Indian art exhibition inside the Saint Merry Church on Rue Saint-Martin

After a late lunch, we roamed the streets in a seemingly “aimless” fashion, browsed the open markets down Rue Saint-Martin, popped into Saint Merry Church to look at an exhibition of Indian mixed medium art, sculpture and photography, until we ended up at the Saint-Jacques Tower and from there walked to the Hôtel De Ville and a Christmas “market” on its square. There weren’t many stalls, (nothing compared to the real thing with a festive vibe we experienced in Amsterdam outside the Rijksmuseum,) just a carousel for kids, some artistic natural representation of a festive season (I guess in an effort to attract everyone without offending anyone) and not much more. Dusk was settling upon Paris and we started to walk down Quai de Gesvres toward the Place de Bastille and our apartment, realized its crazy to walk that far in a nasty cold breeze and on tired feet, so we stopped at a Starbucks for warm coffee and some people watching of Parisians hurrying passed us with their last minute shopping on Christmas Eve, and then walked back to the Hôtel De Ville metro station and caught the train home.
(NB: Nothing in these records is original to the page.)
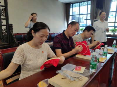 全體共繡黨旗環(huán)節(jié)在在大會議室舉行。先是奏唱莊嚴肅穆的國歌,接著黨員們一起重溫入黨誓詞,一句句錚錚誓言既是大家對黨和人民的承諾,也是對共產(chǎn)主義信仰的執(zhí)著追求。一針一線尋初心,共繡黨旗念黨恩,全體黨員一同憶初心、繡黨旗,在各自領(lǐng)的小黨旗上用黃線繡出了的黨徽。大家在剛拿到的時候,都不知道該如何動手,如何下針,在指導(dǎo)老師現(xiàn)場的悉心指導(dǎo)下,大家相互幫助,互相學(xué)習(xí),很快找到了門道。包括男同志都積極的參與,黨員們穿針引線繡得格外認真,把對黨的滿腔熱愛凝結(jié)在這細密的針線里,金黃的鐮刀斧頭襯得黨旗明朗鮮艷。一邊繡,一邊想那過去的崢嶸歲月,先烈們的英雄事跡,深感我們現(xiàn)在幸福生活的來之不易,把對黨和祖國的深情愛意繡在這一針一線里。
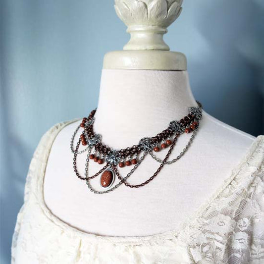 FREYA Statement Necklace with Goldstone Stones
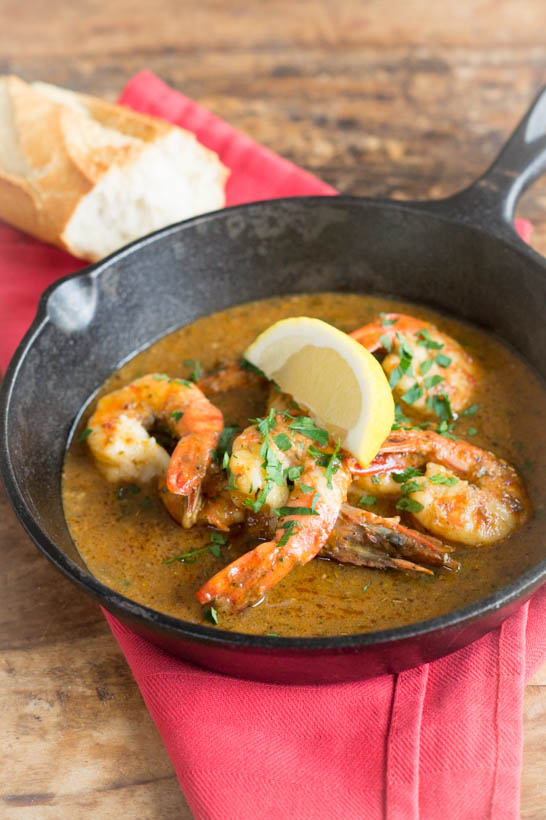Ok, dit is een pittig gerecht, lekker, maar pittig. En dan te bedenken dat ik 1 theelepel rode peper vlokken minder heb genomen dan in het recept staat. Dan merk je pas goed hoeveel er in zo’n maatlepeltje gaat. Ook al is het ‘maar’ 1 theelepel. Het gekke was dat ik het op het randje vond van te pittig zijn maar dat ik toch door bleef eten. Verslavend die hitte. Ik gebruikte black tiger prawns maatje ‘groot’. Het waren joekels. En toch, ik had geen moeite om de pan praktisch leeg te eten. Deed ik niet hoor, ik bewaarde wat voor de Man die ook gesmuld heeft. Dus mocht je het maken voor 4 personen, waarvoor deze hoeveelheid eigenlijk is, neem dan kleinere garnalen. Dan heb je er meer uit een kilo. Eet er vers brood bij om lekker in de saus te kunnen dopen. Eventueel een frisse salade om de boel te blussen. Biertje is ook goed. 🙂Ingrediënten:

One of the arrangements I could secure beforehand for Christmas evening was a dinner cruise on the Seine River. It seems that among Parisians a dinner cruise on the eve of Christmas was very popular and traditional, but cruises on Christmas evening were more for tourist. The only museum that was opened according to my internet research was the Jacquemart-Andre Art Museum, which claims to have an impressive Italian collection, but also had a special exhibition over the Christmas season of Caravagio paintings. But I didn’t wanted to take the chance of buying tickets up front, not knowing whether the museum was really going to be open or not.  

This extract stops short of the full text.